New developments in IL-6 dependent biology and therapy: where do we stand and what are the options?

Interleukin-6 (IL-6) is a four-helical protein which, on target cells, binds to a specific IL-6-receptor and two molecules of the promiscuous signal transducing protein gp130. Structure-function analysis defined three molecular contact sites between IL-6 and its receptor subunits. Using this information, competitive antagonistic proteins as well as hyperagonistic proteins were developed. Possible therapeutic applications of IL-6 antagonists are in IL-6 dependent haematological disorders (Castleman's disease, POEMS syndrome, multiple myeloma) and bone diseases (Paget's disease, osteoporosis). Designer IL-6 antagonists could suppress inflammatory activity in rheumatic and autoimmune diseases and could prevent secondary amyloidosis.
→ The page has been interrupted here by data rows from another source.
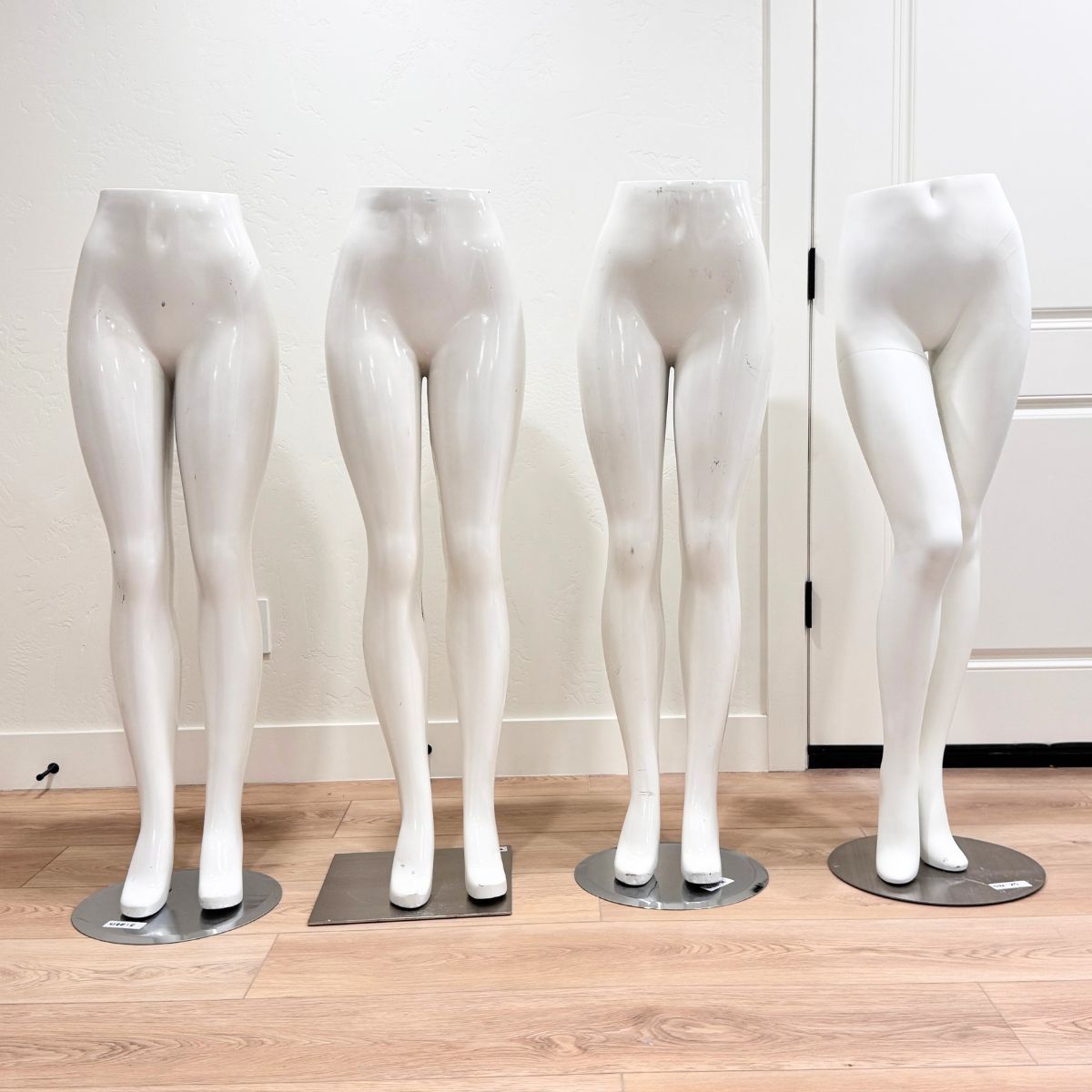 • White female lower-half leg/hip forms (curvy, on bases – for pants/leggings).
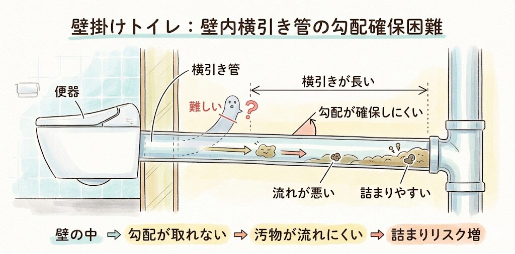 排水管が壁の中を通るため勾配が確保しにくい
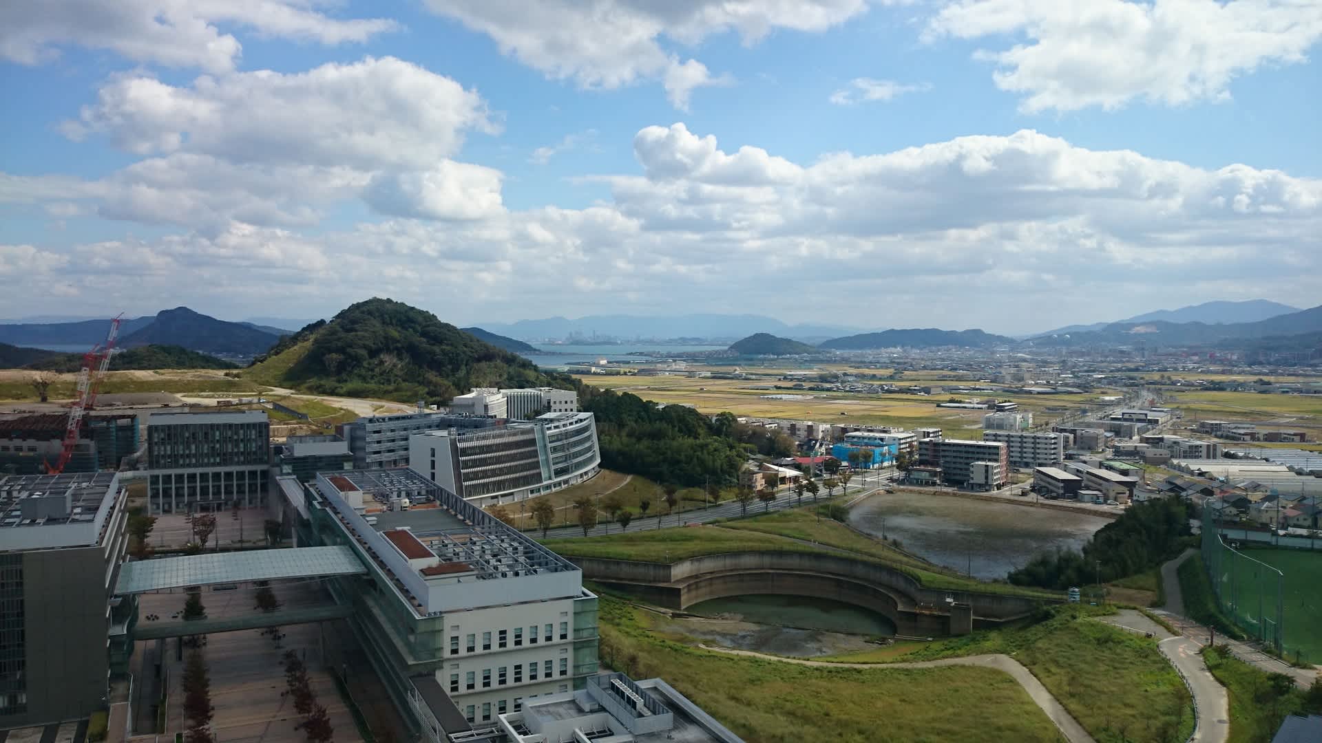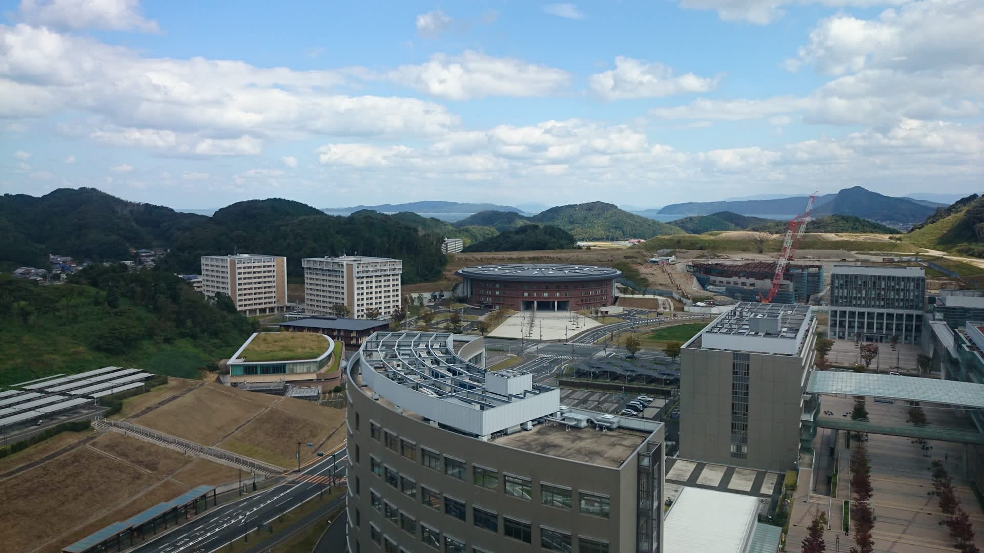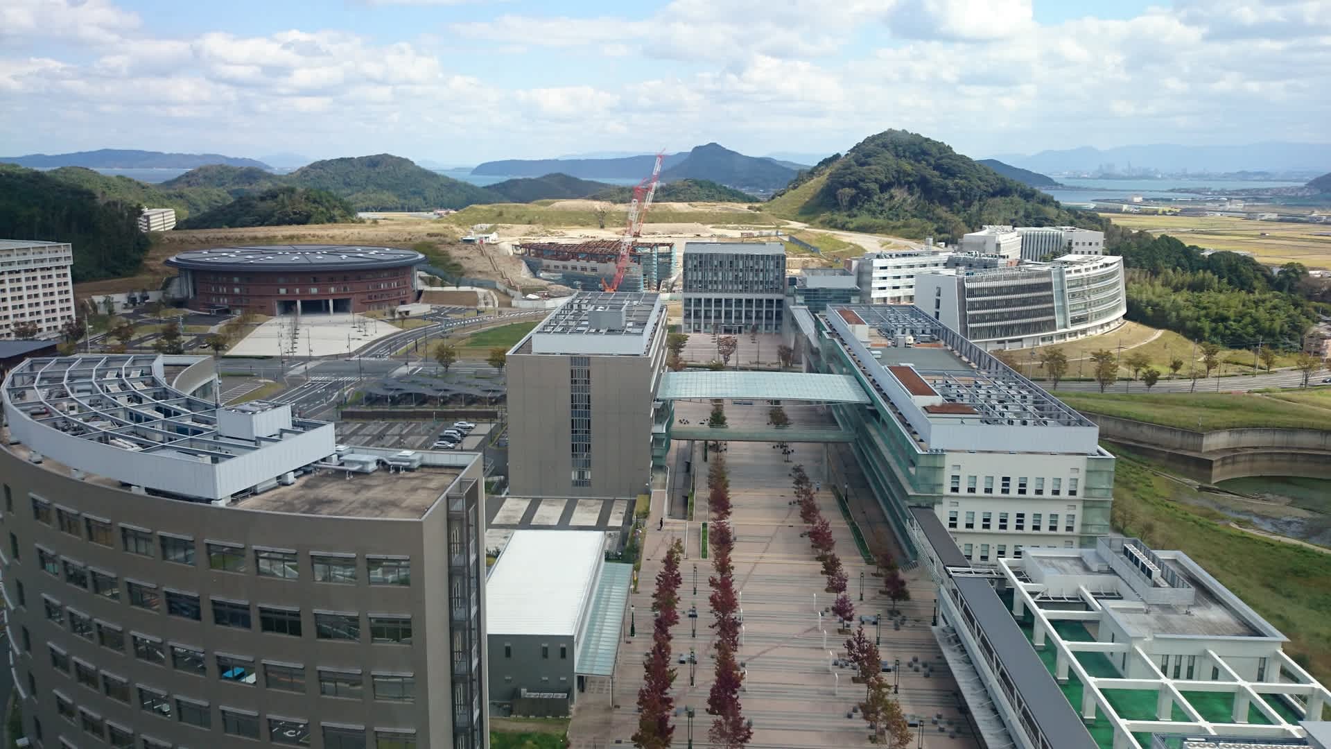 中央図書館(以下の写真内でクレーンが立っている建築現場)が現在、建造中です。

IL-6 antagonists could also prove advantageous in myocardial infarction and unstable angina pectoris. IL-6 antagonists might slow down development of (mesangioproliferative) glomerulonephritis. On the other hand, hyperagonistic variants of IL-6 have a potential in ex vivo expansion of bone marrow stem cells and as thrombopoietic agents. They might also be developed into drugs to support liver regeneration in vivo and to treat stress-induced cardiac insufficiency.